Task instructions:
Print exactly the lines below between the line holding "日系4世のガイドさんに移民の" and the line holding "创建的类文件testClas", inclusive, and nothing more.

[Opening Data for this task section]

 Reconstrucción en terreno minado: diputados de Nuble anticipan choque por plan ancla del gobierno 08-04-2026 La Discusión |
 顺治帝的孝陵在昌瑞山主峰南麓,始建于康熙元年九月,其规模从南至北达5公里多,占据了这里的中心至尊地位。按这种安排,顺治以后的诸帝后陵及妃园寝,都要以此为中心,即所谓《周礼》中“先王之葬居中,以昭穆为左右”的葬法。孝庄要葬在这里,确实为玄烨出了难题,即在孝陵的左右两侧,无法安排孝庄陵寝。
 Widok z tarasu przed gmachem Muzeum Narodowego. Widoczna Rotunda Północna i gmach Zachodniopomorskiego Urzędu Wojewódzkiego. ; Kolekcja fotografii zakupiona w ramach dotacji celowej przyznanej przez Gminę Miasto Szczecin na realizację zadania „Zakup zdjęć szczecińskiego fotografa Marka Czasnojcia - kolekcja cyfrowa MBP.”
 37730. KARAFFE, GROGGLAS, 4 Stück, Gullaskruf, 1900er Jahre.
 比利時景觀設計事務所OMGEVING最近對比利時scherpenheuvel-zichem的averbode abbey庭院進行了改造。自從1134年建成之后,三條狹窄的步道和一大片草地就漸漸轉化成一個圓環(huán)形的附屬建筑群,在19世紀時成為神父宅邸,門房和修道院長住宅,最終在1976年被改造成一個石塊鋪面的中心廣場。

[Closing Data for this task section]
[Opening Data for this task section]

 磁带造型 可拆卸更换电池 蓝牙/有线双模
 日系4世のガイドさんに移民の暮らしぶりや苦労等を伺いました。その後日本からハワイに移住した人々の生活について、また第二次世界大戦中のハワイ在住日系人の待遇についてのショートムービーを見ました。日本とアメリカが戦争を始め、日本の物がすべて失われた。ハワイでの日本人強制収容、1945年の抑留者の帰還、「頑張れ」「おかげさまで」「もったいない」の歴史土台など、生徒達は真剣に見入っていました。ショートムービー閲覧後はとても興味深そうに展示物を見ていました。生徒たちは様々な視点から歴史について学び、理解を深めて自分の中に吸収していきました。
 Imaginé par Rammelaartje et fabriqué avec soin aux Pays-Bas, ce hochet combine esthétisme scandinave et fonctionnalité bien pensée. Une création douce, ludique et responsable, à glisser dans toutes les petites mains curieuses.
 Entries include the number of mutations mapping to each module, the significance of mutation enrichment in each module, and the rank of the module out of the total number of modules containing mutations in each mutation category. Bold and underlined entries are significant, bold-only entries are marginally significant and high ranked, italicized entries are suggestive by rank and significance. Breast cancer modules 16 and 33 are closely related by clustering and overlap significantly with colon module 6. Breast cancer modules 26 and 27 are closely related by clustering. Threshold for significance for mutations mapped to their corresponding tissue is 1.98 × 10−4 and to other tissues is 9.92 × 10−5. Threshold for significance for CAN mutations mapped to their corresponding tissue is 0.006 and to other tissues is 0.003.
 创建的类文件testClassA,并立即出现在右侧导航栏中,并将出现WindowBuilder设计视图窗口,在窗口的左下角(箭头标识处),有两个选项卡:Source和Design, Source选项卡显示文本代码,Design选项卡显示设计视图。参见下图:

[Closing Data for this task section]

Response to the task:
 日系4世のガイドさんに移民の暮らしぶりや苦労等を伺いました。その後日本からハワイに移住した人々の生活について、また第二次世界大戦中のハワイ在住日系人の待遇についてのショートムービーを見ました。日本とアメリカが戦争を始め、日本の物がすべて失われた。ハワイでの日本人強制収容、1945年の抑留者の帰還、「頑張れ」「おかげさまで」「もったいない」の歴史土台など、生徒達は真剣に見入っていました。ショートムービー閲覧後はとても興味深そうに展示物を見ていました。生徒たちは様々な視点から歴史について学び、理解を深めて自分の中に吸収していきました。
 Imaginé par Rammelaartje et fabriqué avec soin aux Pays-Bas, ce hochet combine esthétisme scandinave et fonctionnalité bien pensée. Une création douce, ludique et responsable, à glisser dans toutes les petites mains curieuses.
 Entries include the number of mutations mapping to each module, the significance of mutation enrichment in each module, and the rank of the module out of the total number of modules containing mutations in each mutation category. Bold and underlined entries are significant, bold-only entries are marginally significant and high ranked, italicized entries are suggestive by rank and significance. Breast cancer modules 16 and 33 are closely related by clustering and overlap significantly with colon module 6. Breast cancer modules 26 and 27 are closely related by clustering. Threshold for significance for mutations mapped to their corresponding tissue is 1.98 × 10−4 and to other tissues is 9.92 × 10−5. Threshold for significance for CAN mutations mapped to their corresponding tissue is 0.006 and to other tissues is 0.003.
 创建的类文件testClassA,并立即出现在右侧导航栏中,并将出现WindowBuilder设计视图窗口,在窗口的左下角(箭头标识处),有两个选项卡:Source和Design, Source选项卡显示文本代码,Design选项卡显示设计视图。参见下图:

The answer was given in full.